§ What you have to do
Give back exactly the lines of the material below, starting with the line with "This pendant lamp" and going on through the line with "Дом площадью 1000".
Source data START
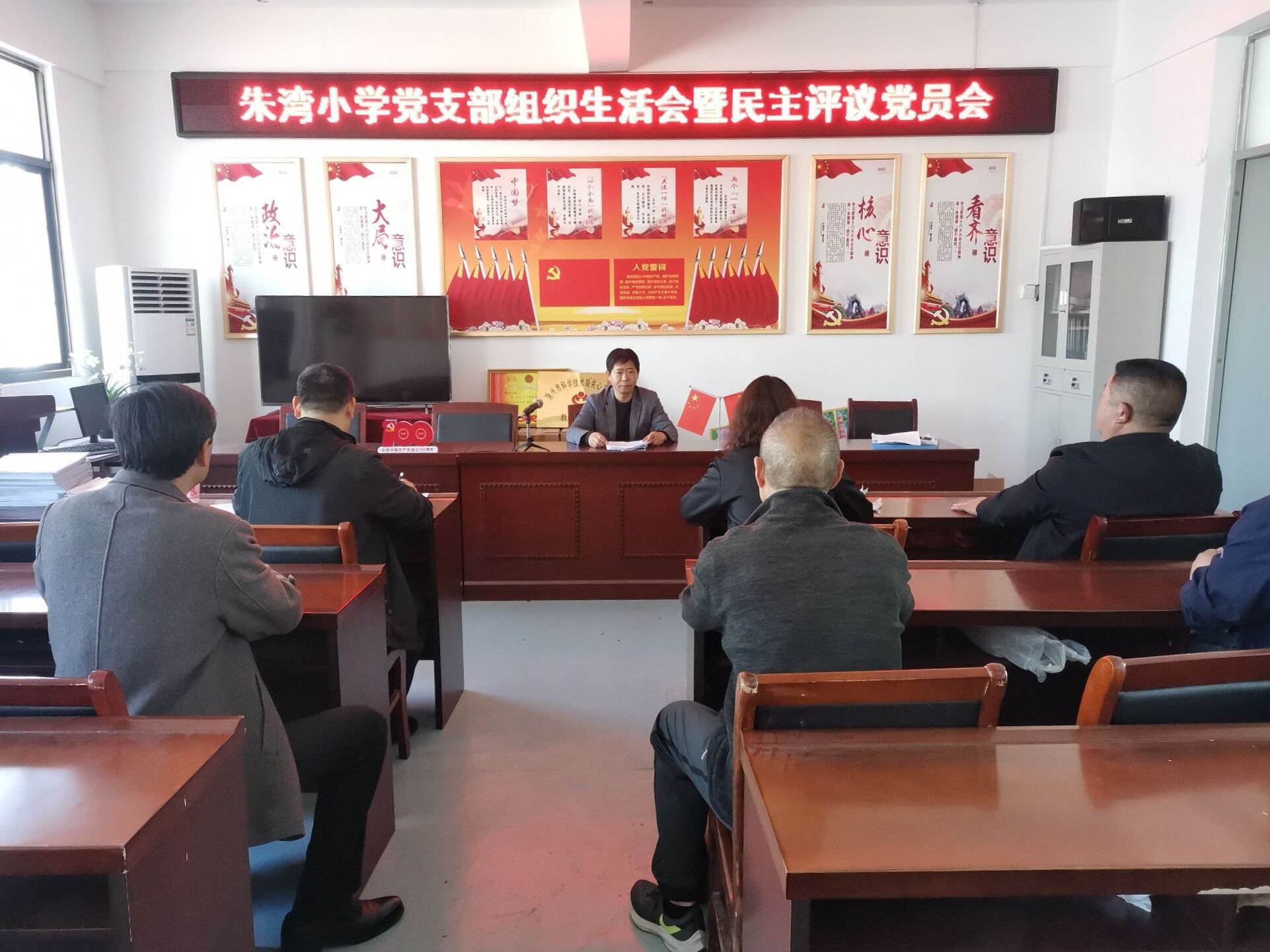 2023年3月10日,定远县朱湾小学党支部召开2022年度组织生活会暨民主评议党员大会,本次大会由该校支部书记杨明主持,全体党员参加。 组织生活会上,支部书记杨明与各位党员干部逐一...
Source data END
Source data START
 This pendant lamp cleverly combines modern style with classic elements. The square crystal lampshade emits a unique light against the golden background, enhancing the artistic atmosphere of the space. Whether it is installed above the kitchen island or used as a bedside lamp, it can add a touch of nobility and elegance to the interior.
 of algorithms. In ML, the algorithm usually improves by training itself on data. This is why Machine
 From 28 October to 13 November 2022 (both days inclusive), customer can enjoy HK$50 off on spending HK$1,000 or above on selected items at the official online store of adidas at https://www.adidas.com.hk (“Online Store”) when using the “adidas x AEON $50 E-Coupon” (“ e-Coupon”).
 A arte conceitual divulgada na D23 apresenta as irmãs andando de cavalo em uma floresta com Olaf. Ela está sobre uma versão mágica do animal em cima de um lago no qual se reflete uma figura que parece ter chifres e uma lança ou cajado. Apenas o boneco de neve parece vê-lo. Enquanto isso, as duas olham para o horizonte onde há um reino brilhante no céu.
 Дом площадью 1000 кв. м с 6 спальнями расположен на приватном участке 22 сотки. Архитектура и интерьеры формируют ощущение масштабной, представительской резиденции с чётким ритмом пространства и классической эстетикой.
Source data END
Source data START
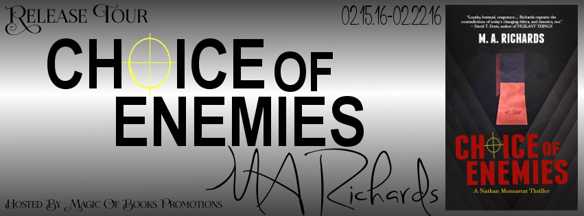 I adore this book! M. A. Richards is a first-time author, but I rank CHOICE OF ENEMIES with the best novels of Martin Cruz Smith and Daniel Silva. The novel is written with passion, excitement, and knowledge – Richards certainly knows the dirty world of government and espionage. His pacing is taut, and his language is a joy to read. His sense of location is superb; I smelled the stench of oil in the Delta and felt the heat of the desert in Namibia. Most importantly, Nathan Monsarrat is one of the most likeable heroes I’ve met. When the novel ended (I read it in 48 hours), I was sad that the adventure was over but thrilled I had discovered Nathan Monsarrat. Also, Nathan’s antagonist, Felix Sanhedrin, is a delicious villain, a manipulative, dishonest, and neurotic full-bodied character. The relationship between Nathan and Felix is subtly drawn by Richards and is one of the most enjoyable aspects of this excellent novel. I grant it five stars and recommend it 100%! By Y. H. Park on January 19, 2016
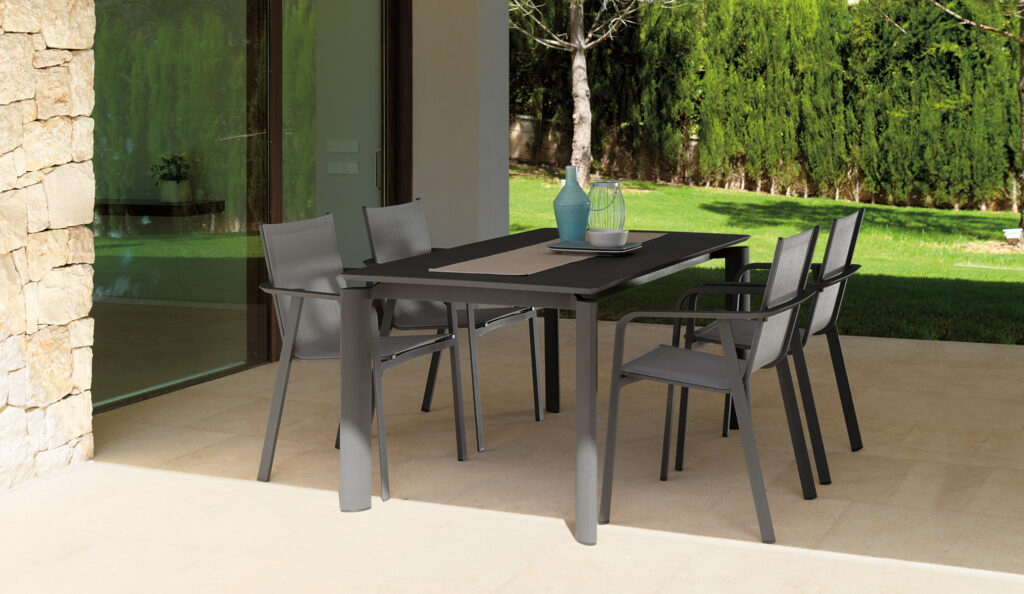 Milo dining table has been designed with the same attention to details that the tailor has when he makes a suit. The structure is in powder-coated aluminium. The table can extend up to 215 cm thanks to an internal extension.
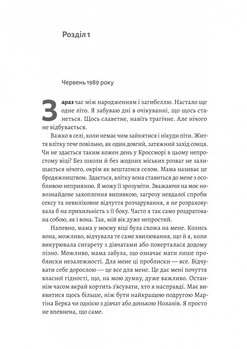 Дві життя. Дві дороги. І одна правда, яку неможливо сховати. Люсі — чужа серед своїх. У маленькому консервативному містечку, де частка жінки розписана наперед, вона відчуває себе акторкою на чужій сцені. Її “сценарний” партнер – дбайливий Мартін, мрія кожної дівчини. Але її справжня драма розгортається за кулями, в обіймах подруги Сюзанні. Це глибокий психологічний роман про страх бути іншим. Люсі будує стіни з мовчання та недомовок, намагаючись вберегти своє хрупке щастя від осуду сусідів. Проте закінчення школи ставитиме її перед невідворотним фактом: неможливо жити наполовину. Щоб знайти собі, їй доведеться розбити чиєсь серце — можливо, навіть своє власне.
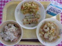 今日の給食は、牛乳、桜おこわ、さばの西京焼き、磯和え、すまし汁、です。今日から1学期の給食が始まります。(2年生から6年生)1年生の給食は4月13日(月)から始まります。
Source data END
§ Solved exercise
 This pendant lamp cleverly combines modern style with classic elements. The square crystal lampshade emits a unique light against the golden background, enhancing the artistic atmosphere of the space. Whether it is installed above the kitchen island or used as a bedside lamp, it can add a touch of nobility and elegance to the interior.
 of algorithms. In ML, the algorithm usually improves by training itself on data. This is why Machine
 From 28 October to 13 November 2022 (both days inclusive), customer can enjoy HK$50 off on spending HK$1,000 or above on selected items at the official online store of adidas at https://www.adidas.com.hk (“Online Store”) when using the “adidas x AEON $50 E-Coupon” (“ e-Coupon”).
 A arte conceitual divulgada na D23 apresenta as irmãs andando de cavalo em uma floresta com Olaf. Ela está sobre uma versão mágica do animal em cima de um lago no qual se reflete uma figura que parece ter chifres e uma lança ou cajado. Apenas o boneco de neve parece vê-lo. Enquanto isso, as duas olham para o horizonte onde há um reino brilhante no céu.
 Дом площадью 1000 кв. м с 6 спальнями расположен на приватном участке 22 сотки. Архитектура и интерьеры формируют ощущение масштабной, представительской резиденции с чётким ритмом пространства и классической эстетикой.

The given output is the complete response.